Misi  Mengembangkan  kapasitas  pengelolaan  keuangan daerah  dimaknai  bahwa  setiap  pengelolaan  keuangan daerah  harus  mampu  meningkatkan  kemampuan  SDM, berikut  sarana  dan  prasarana  serta  sistem  yang mendukung  pengelolaan  keuangan  daerah  yang  lebih transparan  dan  akuntabel  dari  perencanaan, penganggaran, pelaksanaan penatausahaan, pertanggungjawaban, hingga  pengawasan (pengendalian), serta penyusunan regulasi yang terbaru sesuai perkembangan regulasi di tingkat pusat.

B. TUJUAN DAN SASARAN

B.1. Tujuan

Tujuan merupakan sesuatu yang ingin dicapai dari setiap misi SKPD, yang dirumuskan bersifat spesifik, realistis, dilengkapi dengan sasaran yang terukur dan dapat dicapai dalam periode yang direncanakan.Tujuan memuat pernyataan tentang hal-hal yang perlu dilakukan untuk mencapai visi dan melaksanakan misi dengan menjawab isu strategis daerah dan permasalahan pembangunan. Berdasarkan visi dan misi yang telah ditetapkan, Biro Keuangan Setda Provinsi Bali menetapkan 1 tujuan, yaitu: Meningkatnya administrasi pengelolaan keuangan daerah sesuai ketentuan yang berlaku

Pengelolaan keuangan daerah yang transparan dan akuntabel yang ingin diwujudkan dalam visi dijabarkan dengan usaha mengembangkan kapasitas pengelolaan keuangan daerah. Tujuan pengembangan kapasitas pengelolaan keuangan tersebut difokuskan dengan usaha yang kontinyu meningkatkan pengelolaan administrasi keuangan daerah. Pengelolaan administrasi pengelolaan keuangan daerah meliputi penerbitan peraturan daerah, peraturan gubernur, dan Keputusan Gubernur tentang pengelolaan keuangan daerah sesuai amanat peraturan perundang-undangan. Pengelolaan dokumen lain yang menjadi unggulan Biro Keuangan Setda Provinsi Bali adalah penyusunan Rancangan Perda APBD (Induk, Perubahan, dan Pertanggungjawaban Pelaksanaan), Evaluasi Rancangan Perda dan Ranperbup/Ranperwali Kabupaten/Kota,  serta penerbitan SP2D tepat waktu maksimal 2 hari setelah SPM diterima. Pengelolaan administrasi keuangan daerah yang dilakukan secara efektif dan efisien akan memperlancar program pembangunan Bali Mandara Jilid II, sehingga pelayanan dapat diberikan secara optimal untuk meningkatkan kesejahteraan masyarakat Bali.

 

B.2. Sasaran

Sasaran adalah hasil yang diharapkan dari suatu tujuan yang diformulasikan secara terukur spesifik, mudah dicapai, rasional, untuk dapat dilaksanakan dalam jangka waktu 5 tahun. Tujuan dan sasaran adalah tahapan perumusan sasaran strategis yang menunjukkan tingkat prioritas tertinggi dalam perencanaan pembangunan jangka menengah daerah. Yang selanjutnnya akan menjadi dasar penyusunan kinerja pembangunan daerah secara keseluruhan. Berdasarkan tujuan yang telah ditetapkan, ditentukan 2 sasaran untuk mencapai tujuan dalam 5 tahun ke depan, yaitu:

1.     Optimalnya waktu penyusunan Ranperda (APBD dan APBD Perubahan) Provinsi Bali sesuai ketentuan yang berlaku.

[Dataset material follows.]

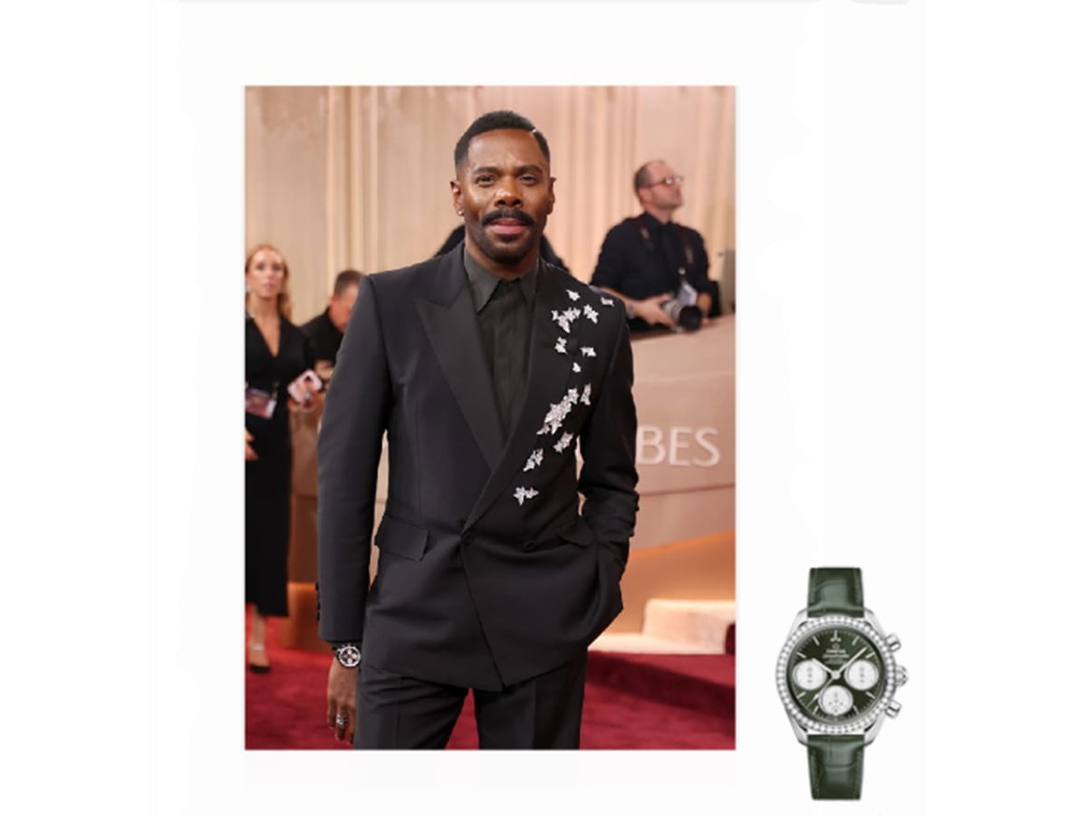 OMEGA Friend of the Brand and Presenter, Colman Domingo wore a 38 mm OMEGA Speedmaster in stainless steel with a diamond-paved bezel and green dial on a green leather strap. (324.18.38.50.60.001)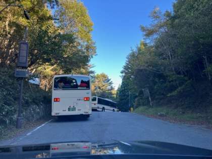 5年生を乗せたバスは、山道をゆっくり安全運転で走っています。

2.     Optimalnya waktu Evaluasi Ranperda dan Raperbup/Raperwali Kabupaten/Kota mengenai APBD sesuai ketentuan yang berlaku.

 

            Dalam rangka mendukung terwujudnya good governance dalam penyelenggaraan negara, pengelolaan keuangan negara perlu diselenggarakan secara profesional, terbuka, dan bertanggung jawab sesuai dengan aturan pokok yang telah ditetapkan dalam Undang-Undang Dasar. Dalam undang-undang ini, terdapat penambahan asas baru dalam pengelolaan keuangan negara, meliputi : akuntabilitas berorientasi pada hasil; profesionalitas; proporsionalitas; keterbukaan dalam pengelolaan keuangan negara; dan pemeriksaan keuangan oleh badan pemeriksa yang bebas dan mandiri.

C. RUANG LINGKUP KEGIATAN

Berdasarkan Permendagri 13 Tahun 2006, ruang lingkup kegiatan Biro Keuangan Setda Provinsi Balidapat dilihat dari 2 aspek:

1.   Sebagai Satuan Kerja Pengelola Keuangan Daerah (SKPKD) selaku Pejabat Pengelola Keuangan Daerah (PPKD)

SKPKD adalah perangkat daerah pada pemerintah daerah selaku pengguna anggaran/pengguna barang, yang juga melaksanakan pengelolaan keuangan daerah. Sedangkan sebagai PPKD, Biro Keuangan Setda Provinsi Bali mempunyai tugas melaksanakan pengelolaan APBD dan bertindak sebagai bendahara umum daerah.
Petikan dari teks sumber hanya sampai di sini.